The below snap depicts that the “.xlsx” is read as the dictionary. However, the excel has one sheet only:

Approach 3: Get the Cell Information of the “.xlsx” File in the iPython 

The openpyxl will return the “.xlsx” file by reading the cell by rows and columns and returning the output accordingly. However, to read the “.xlsx” file first, you need to activate the Dataframe sheet in the iPython Notebook. For this utilize the “active” attribute of the “DataFrame” using the dot(.) notation. Then using the for…in structure looping through the range function iterates the rows and columns sequence. The range function reads the file data to the maximum row and column data: 

#import openpyxl library
import openpyxl

# loading the dataframe into the Python script using the load_workbook() function
DataFrame = openpyxl.load_workbook("October_2023.xlsx")

# fetching the active sheet dataframe
DataFrame = DataFrame.active
    
# Iterate the loop to read the sheet content and get cells from the sheet by rows
for row in range(0, DataFrame.max_row):
    #fetch cells from the sheet by columns
    for col in DataFrame.iter_cols(1, DataFrame.max_column):
        #prints the value by iterating over rows and columns 
        print(col[row].value)  

In the above example code, the “.xlsx” file is loaded and read in the iPython script using the “openpyxl” module. After reading the “.xlsx” file, utilize the nested for..in structure non-list comprehension structure to fetch the rows and columns data of the cell one after another.

Output

The openpyxl will load the “.xlsx” file to the iPython script and read it one by one by fetching the sheet cell information: 

Approach 4: Reading the “.xlsx” File in List of Strings 

The “xlwings” module will redirect the programmer to open and automate the “xlsx” Excel sheet on the pre-installed application of the local system. The “xlwings” module will read the “.xlsx” file and parse it to lists of strings format on the iPython kernel console. If you want to extract the “.xlsx”  data in the form of lists of strings then utilize the “xlwings” module in Python. For demonstration, follow the below example code: 

#redirect user to automate Excel sheet on Operating system
import xlwings as xlw

# Open the Workbook on the installed application on the local system
Workbook = xlw.Book("Oct_23.xlsx").sheets['Sheet1']

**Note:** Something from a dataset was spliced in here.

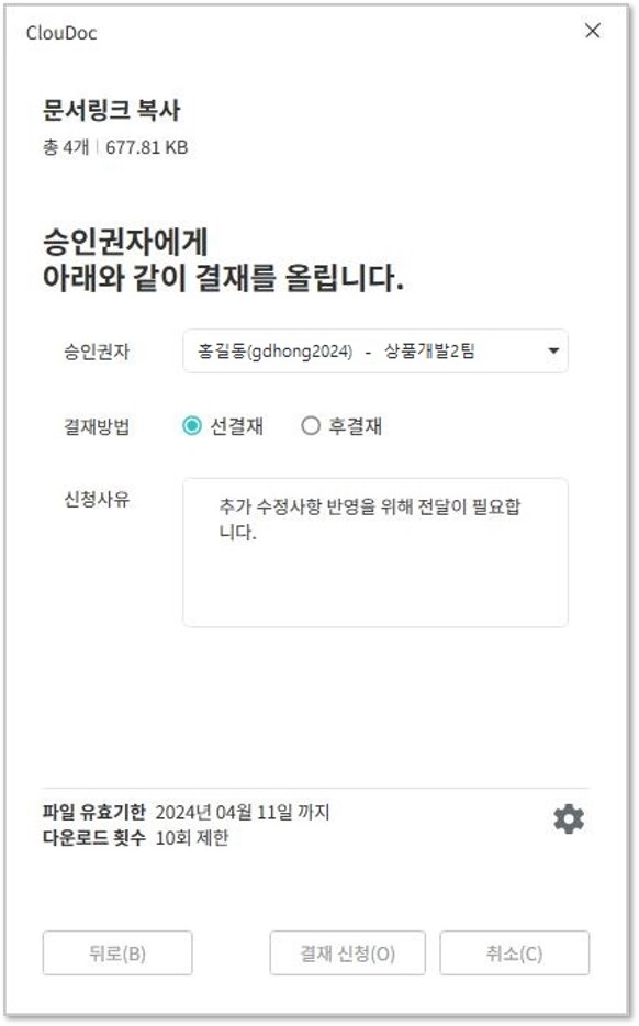 문서중앙화 솔루션 링크 공유 기능 중 하나입니다.

# fetching data from a single cell 
Read_xlsx_data = Workbook .range("A1:A11").value

#printing the dataset and opens the workbook on the system's application(Excel spreadsheet)
print("Reading Xlsx Data:", Read_xlsx_data)

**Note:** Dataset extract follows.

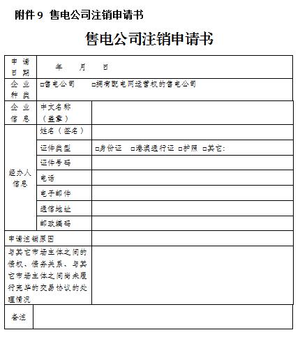 第九條 售電公司注冊(cè)信息的變更、注銷(xiāo)等事項(xiàng)均按照實(shí)施細(xì)則有關(guān)規(guī)定執(zhí)行,模板見(jiàn)附件8、附件9。

The above example code reads the “.xlsx” file into the list of strings format. The “xlwings” module reads the “.xlsx” Excel file using the “Book()” function with aggregation with the “sheets” attribute and opens the same sheet on the active local application. The “.xlsx” workbook utilized here contains only one sheet. Within the range() function provide the sheet information to get the data, and to implement utilize the “value” with dot(.) notation.  

Output 

The “xlwings” module will read a “.xlsx” file and parse the content of the Excel sheet into the lists of strings: 

This article is about how to read a .xlsx file using the pandas library in iPython.

Bonus Tip: Python vs IPython

Python is the general-purpose programming language whilst iPython is the interactive command shell meaning that iPython provides an interactive user experience to perform the computationally expensive exploratory analysis and vistualization. In addition, the iPython Notebook user can execute the command and get the output right at the instance upon execution. Moreover, the IPython provides robust “Error Tracing” information that is beneficial in tracing the error.

Conclusion

To read a “.xlsx” file using the pandas Library in iPython all the user needs to do is launch the iPython (Jupyter Notebook) then, load the “.xlsx” file into the script using the “excel_read()” function. Another approach to reading the “.xlsx” file is by utilizing the pandas built-in “openpyxl”, and “xlwings” modules. Or direct reading in pandas via the “ExcelFile()” function. This article has demonstrated the prevalent approaches to reading a “.xlsx” file using the pandas library in iPython.